As with many herbs, rosemary produces best flavor on the sorts of poor, relatively barren soils that reproduce its native habitat; it is not fussy, but a slightly alkaline soil is best. Though given the chance it will luxuriate, we can keep it in a relatively small pot, as we want it continually but rarely in much quantity at any one time. It does, however, like most herbs, want very well-drained soil—indeed, moisture control is especially crucial with rosemary (see the discussion farther below).

Like most Mediterranean herbs, rosemary needs full sun.

Grown indoors, rosemary occasionally suffers from powdery mildew. If your rosemary goes off from it, Safer’s makes a product called “Defender” said to cure the ailment literally within hours. Another option is a homebrew of 2 T. baking soda and 2 T. summer oil in 1 gallon of water, sprayed every 7 to 10 days (a recipe from Mulberry Creek Herbs that we simply pass on with no knowledge of its effectiveness).


Watering rosemary properly is the only aspect of growing it requiring much attention. Rosemary can be easily killed off either by being allowed to completely dry out or by being given “wet feet” (excessive root moisture).
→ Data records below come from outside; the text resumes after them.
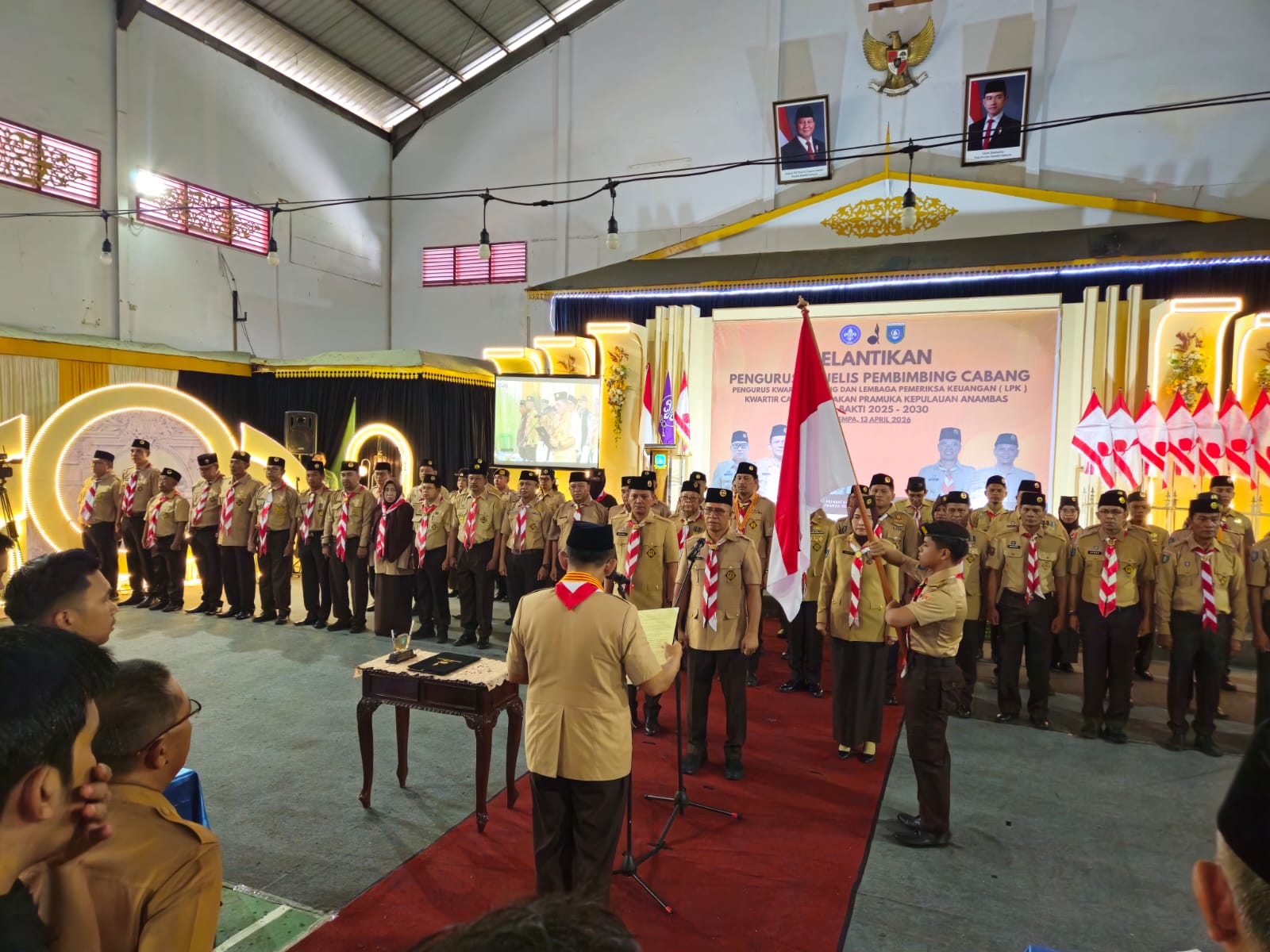 PRAMUKA.ID – Kwarda Kepri (Pusinfo) – Rangkaian panjang persiapan yang matang akhirnya bermuara pada pelaksanaan pelantikan pengurus Gerakan Pramuka Kabupaten Kepulauan Anambas Masa Bakti 2025–2030 yang berlangsung khidmat di Gedung BPMS Tarempa, Senin (13/04/2026).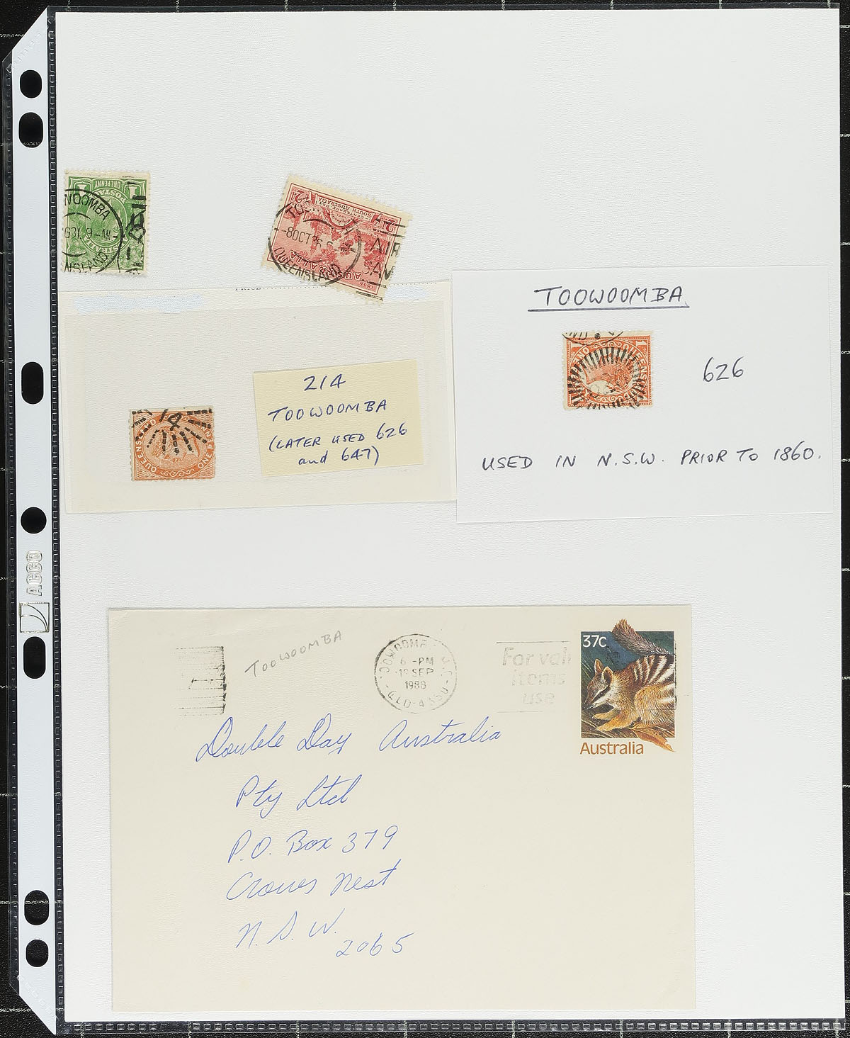 Queensland Postmarks. Collection of postmarks from Queensland State, Australia, 1890's-1970's, containing a few hundred stamps (on and off piece), and roughly 70 covers housed in a thick binder. The lot is organized alphabetically containing over 110 different town postmarks ranging from A to Y (represented by at least one stamp), noting several Queensland State stamps, with the majority of material ranging from the 1890's up to the 1950's. Just a few towns include Bandamba, Dirranbandi, Goondiwindi, Indooroopilly, Lockhart River, Toogoolawah, and more, noting cds, duplex, numeral, and other postmark types. The lot includes maps of all the locations and towns within the collection. An interesting lot for the specialist, with online photos showing a small sampling. Estimate =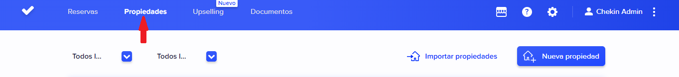 En primer lugar, debes iniciar sesión en tu cuenta de Chekin desde la plataforma web e ir a la pestaña "Propiedades" dedashboard.

So water regularly but sparingly, and pay attention to the soil moisture. And do not, as some sources casually recommend, mist the plant.

Keep rosemary well pruned—it withstands pruning excellently, and is often used as a topiary subject. (Try, though, to avoid cutting older wood.)

Note: if you’re not a veteran rosemary user, begin with caution. While it is a necessary ingredient in many types of cookery, it needs to be added with a light hand, being very powerfully flavored. Better too little than too much till you acquire a sure feeling for its use.

(You can use rosemary branches as kebab skewers, in which use they add a subtle rosemary note; find the longest sprigs and strip off all leaves from the stem except for those at the growing tip, or—better—just don’t lop off denuded branches as you take needles for ordinary use, so you have a supply of “skewers”.)